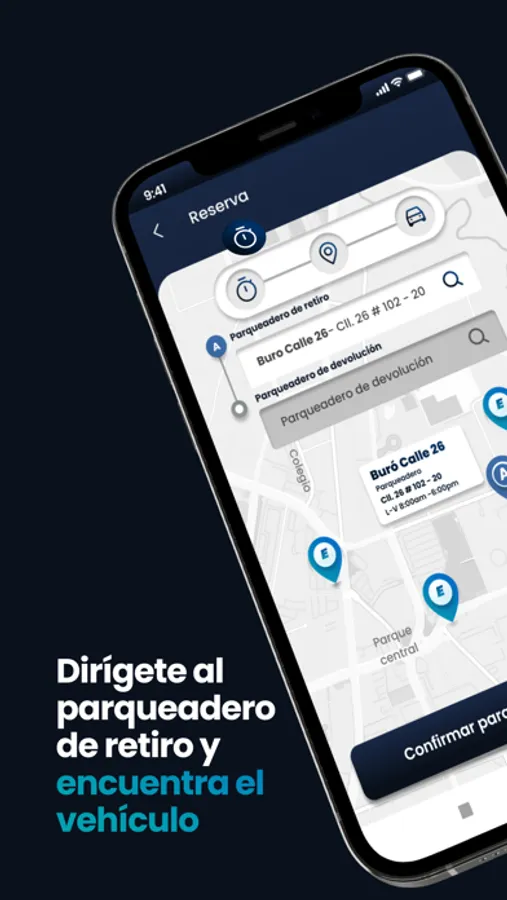 Busca en el mapa de la aplicación el estacionamiento más cercano,
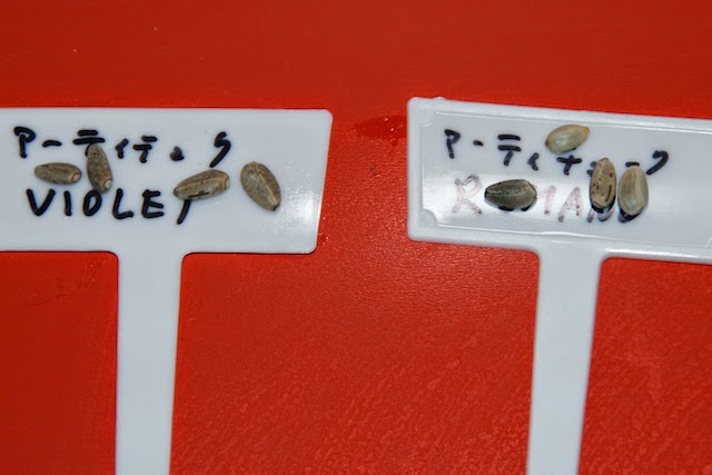 | アーティチョークの種は初めて見た。 ヒマワリの種を半分にしたような感じだ。 VIOLETとROMANOという2種類がある。 |
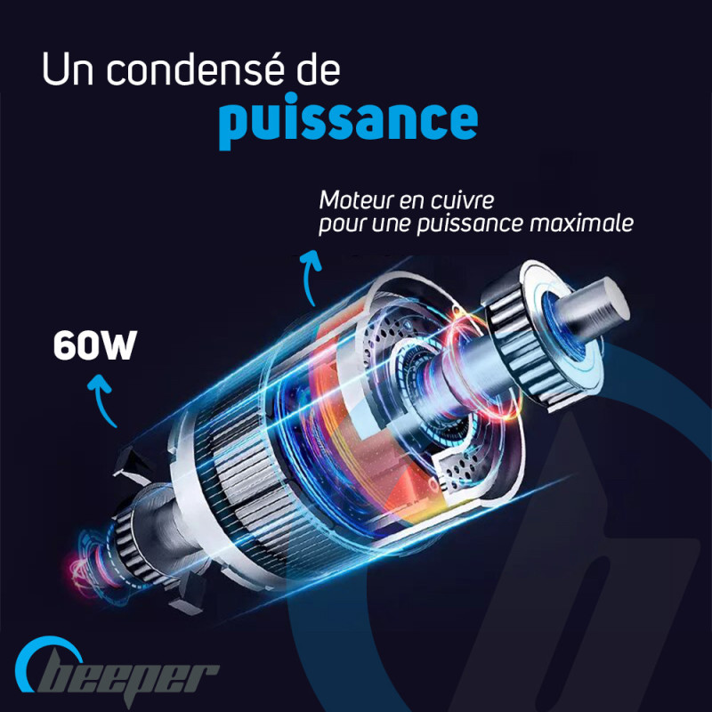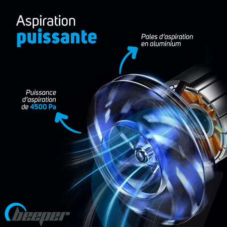 No me malinterpreten, el hecho de que sea pequeño en estatura no significa que no sea poderoso. Equipada con un motor de cobre de 60W, nuestra mini vacío sin cable te brinda una potencia de succión de 4500 Pa, para que puedas atrapar toda la suciedad en un abrir y cerrar de ojos, incluso las más pequeñas.
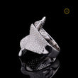 This elegant piece showcases a beautifully sculpted leaf-inspired design, fully adorned with pave-set diamonds that create a radiant, shimmering effect. The ring features an artistic curved silhouette, giving it a modern and expressive character. Its smooth silver finish enhances the brilliance of the stones, making it an exceptional accessory for those who appreciate statement jewelry, luxury craftsmanship, and unique, nature-inspired aesthetics. Perfect for elevating both formal and everyday looks, this ring embodies refinement and bold elegance.
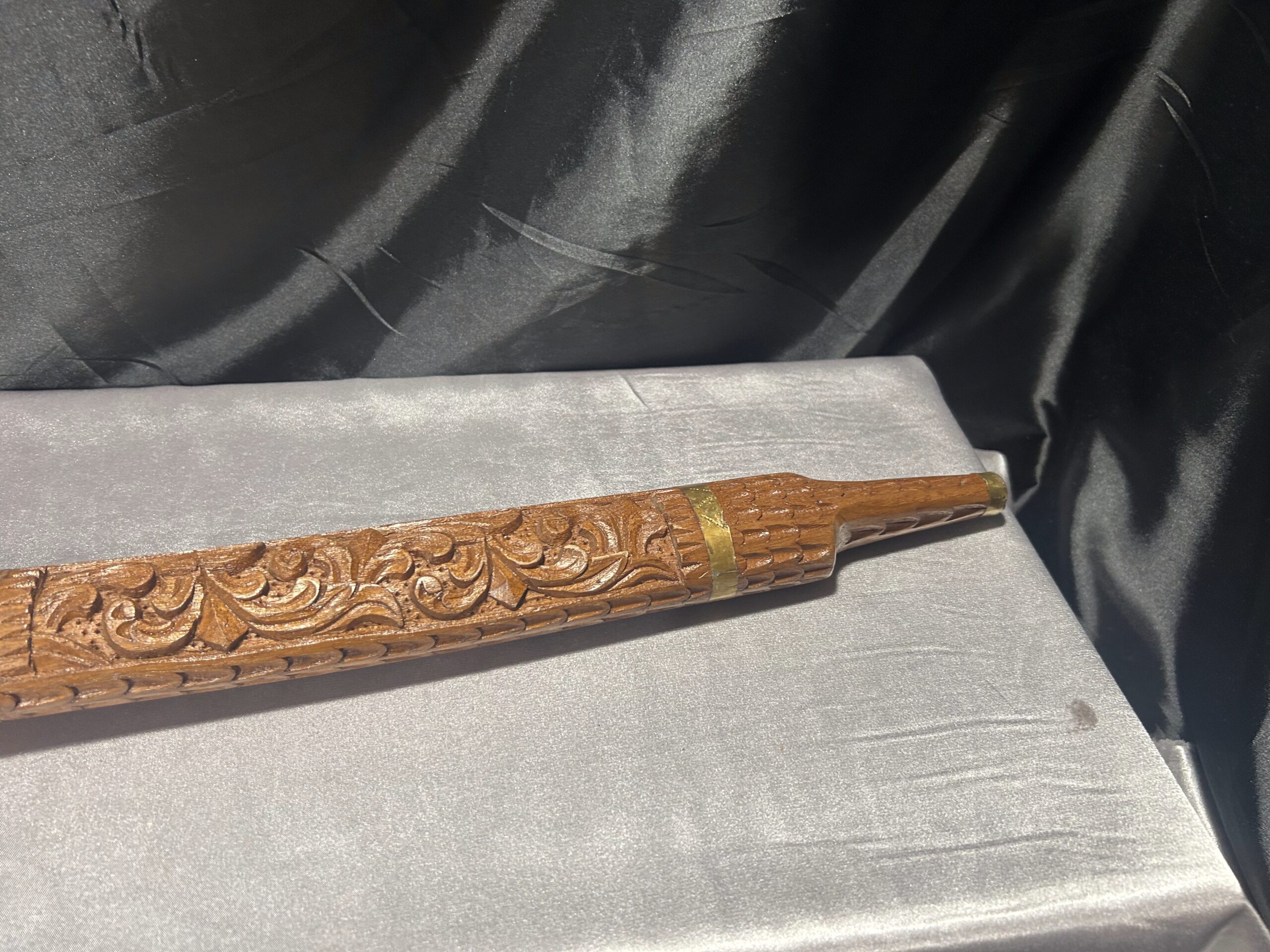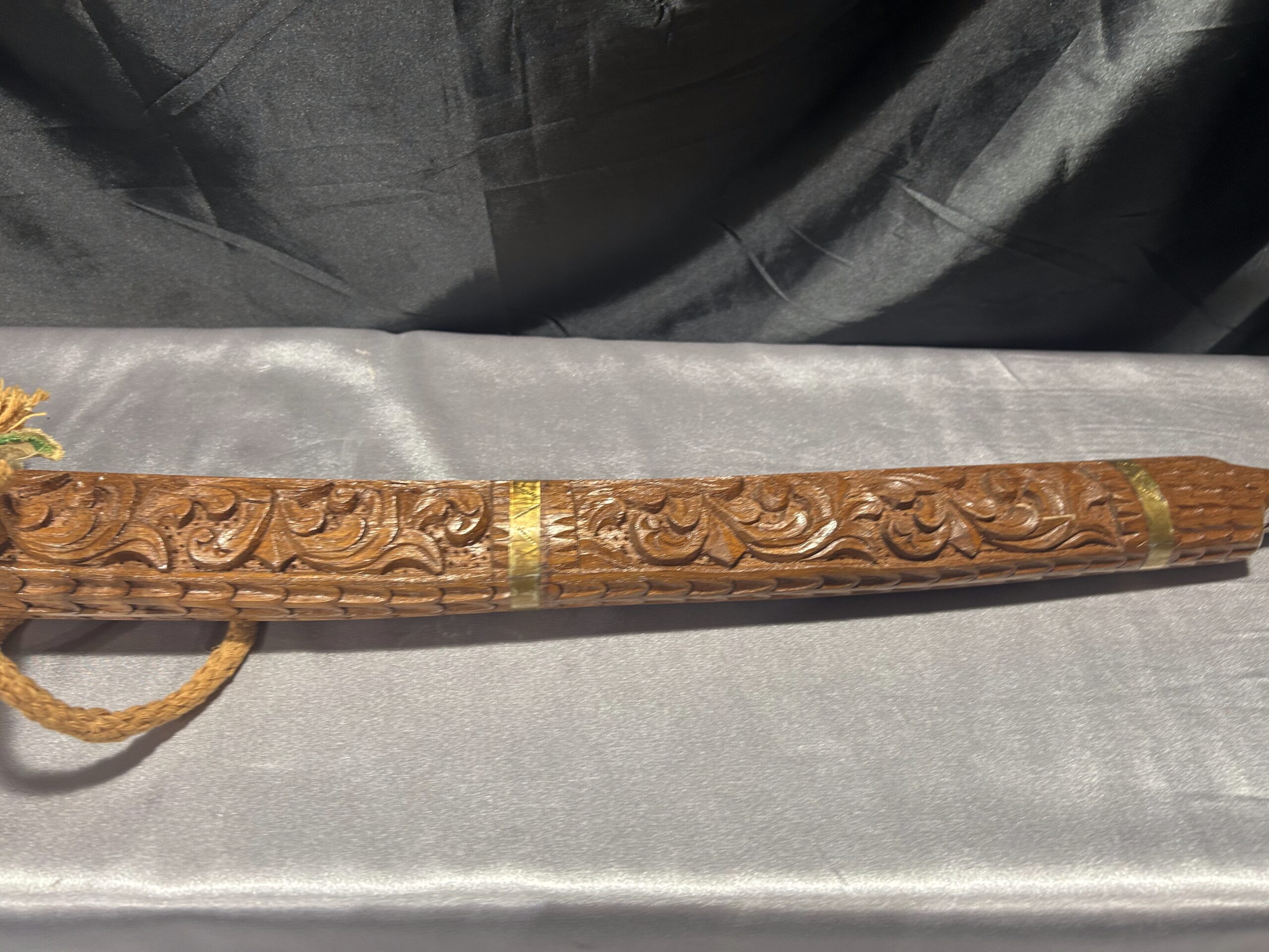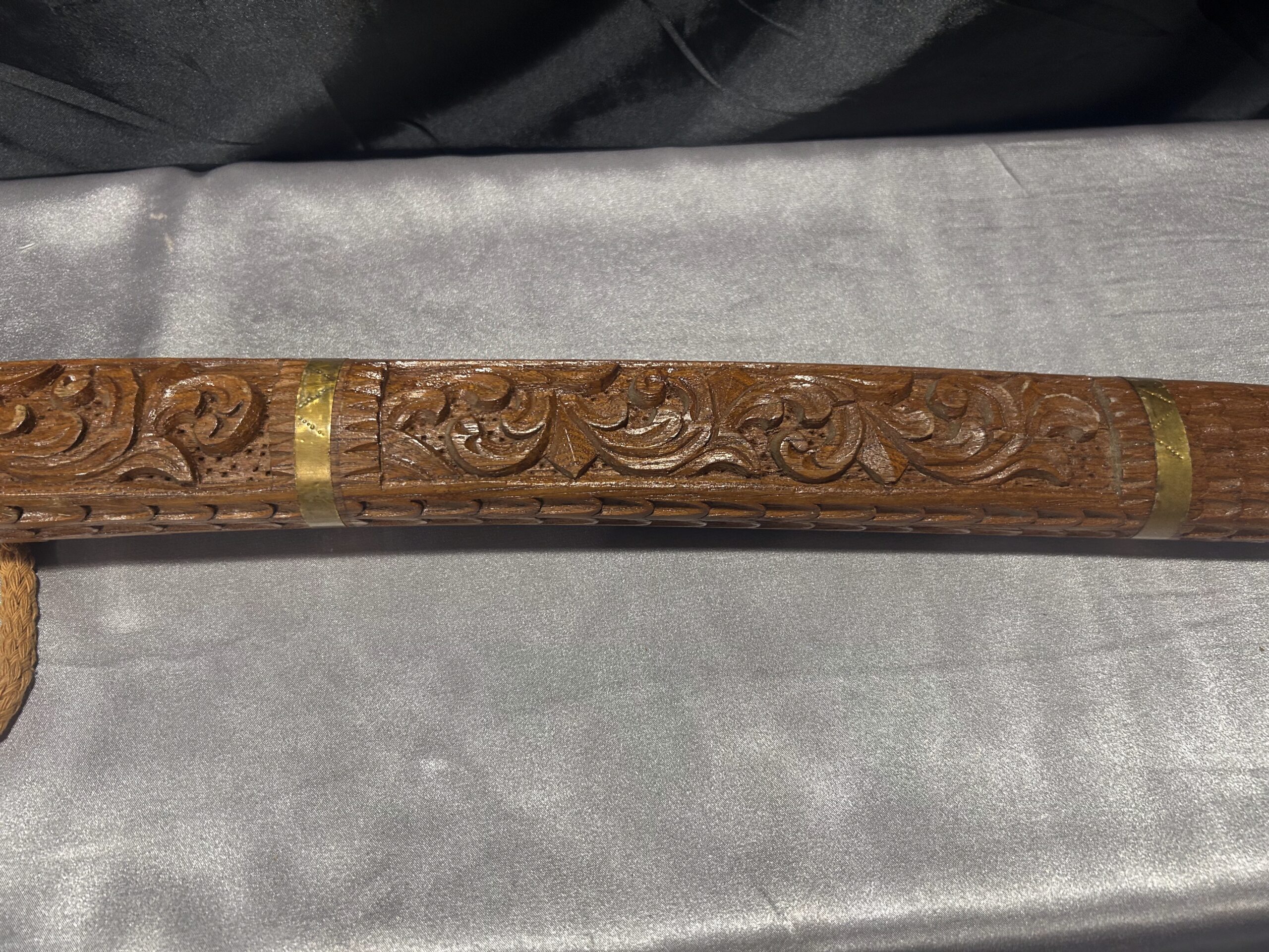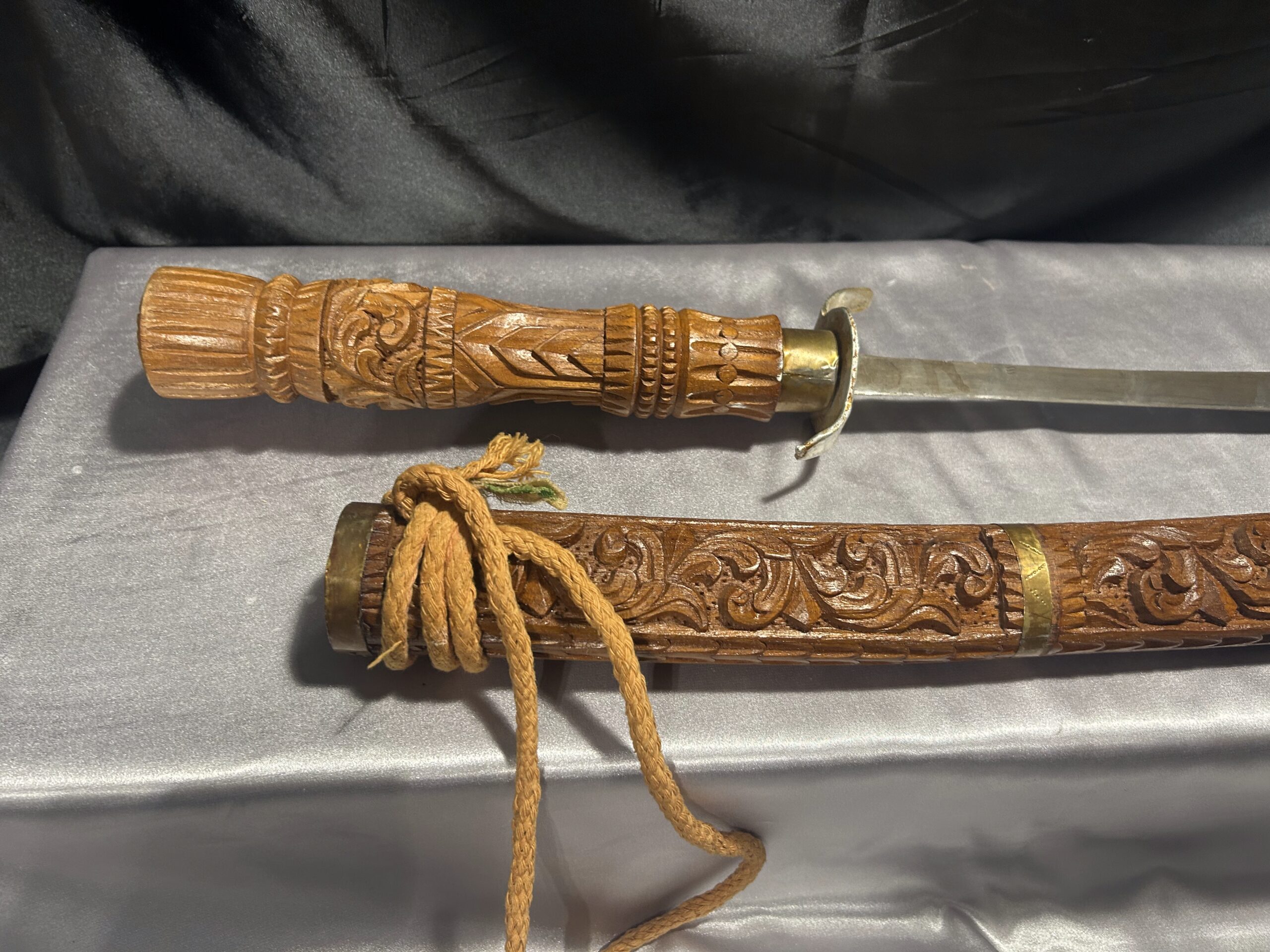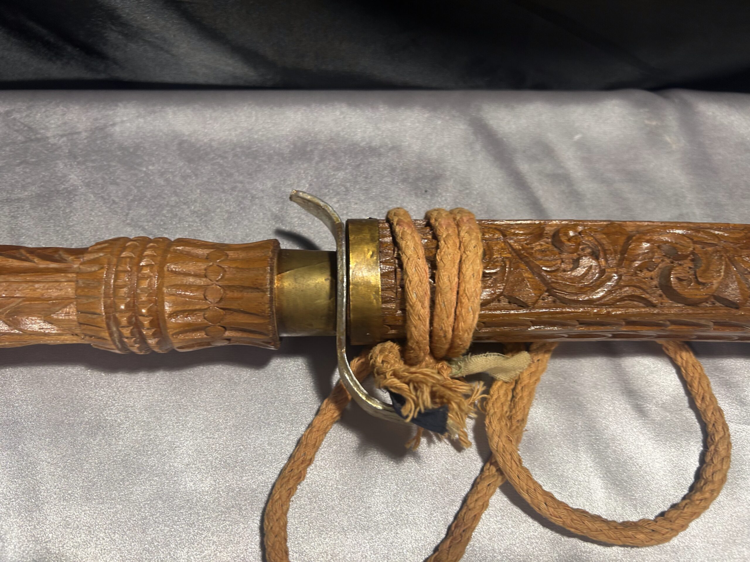 Wyjątkowa szabla o unikatowym kształcie przypominającym długą maczetę, wykonana z jasnego, afrykańskiego drewna. Zarówno rękojeść, jak i pochwa są bogato rzeźbione, co nadaje jej artystycznego i kolekcjonerskiego charakteru. Ostrze posiada charakterystyczne nacięcia, które mogą sugerować symboliczną historię użytkowania.

-------

Go through the material above and retype every line exactly, without the images.

• _Solution to this task_
 Busca en el mapa de la aplicación el estacionamiento más cercano,
 | アーティチョークの種は初めて見た。 ヒマワリの種を半分にしたような感じだ。 VIOLETとROMANOという2種類がある。 |
 No me malinterpreten, el hecho de que sea pequeño en estatura no significa que no sea poderoso. Equipada con un motor de cobre de 60W, nuestra mini vacío sin cable te brinda una potencia de succión de 4500 Pa, para que puedas atrapar toda la suciedad en un abrir y cerrar de ojos, incluso las más pequeñas.
 This elegant piece showcases a beautifully sculpted leaf-inspired design, fully adorned with pave-set diamonds that create a radiant, shimmering effect. The ring features an artistic curved silhouette, giving it a modern and expressive character. Its smooth silver finish enhances the brilliance of the stones, making it an exceptional accessory for those who appreciate statement jewelry, luxury craftsmanship, and unique, nature-inspired aesthetics. Perfect for elevating both formal and everyday looks, this ring embodies refinement and bold elegance.
 Wyjątkowa szabla o unikatowym kształcie przypominającym długą maczetę, wykonana z jasnego, afrykańskiego drewna. Zarówno rękojeść, jak i pochwa są bogato rzeźbione, co nadaje jej artystycznego i kolekcjonerskiego charakteru. Ostrze posiada charakterystyczne nacięcia, które mogą sugerować symboliczną historię użytkowania.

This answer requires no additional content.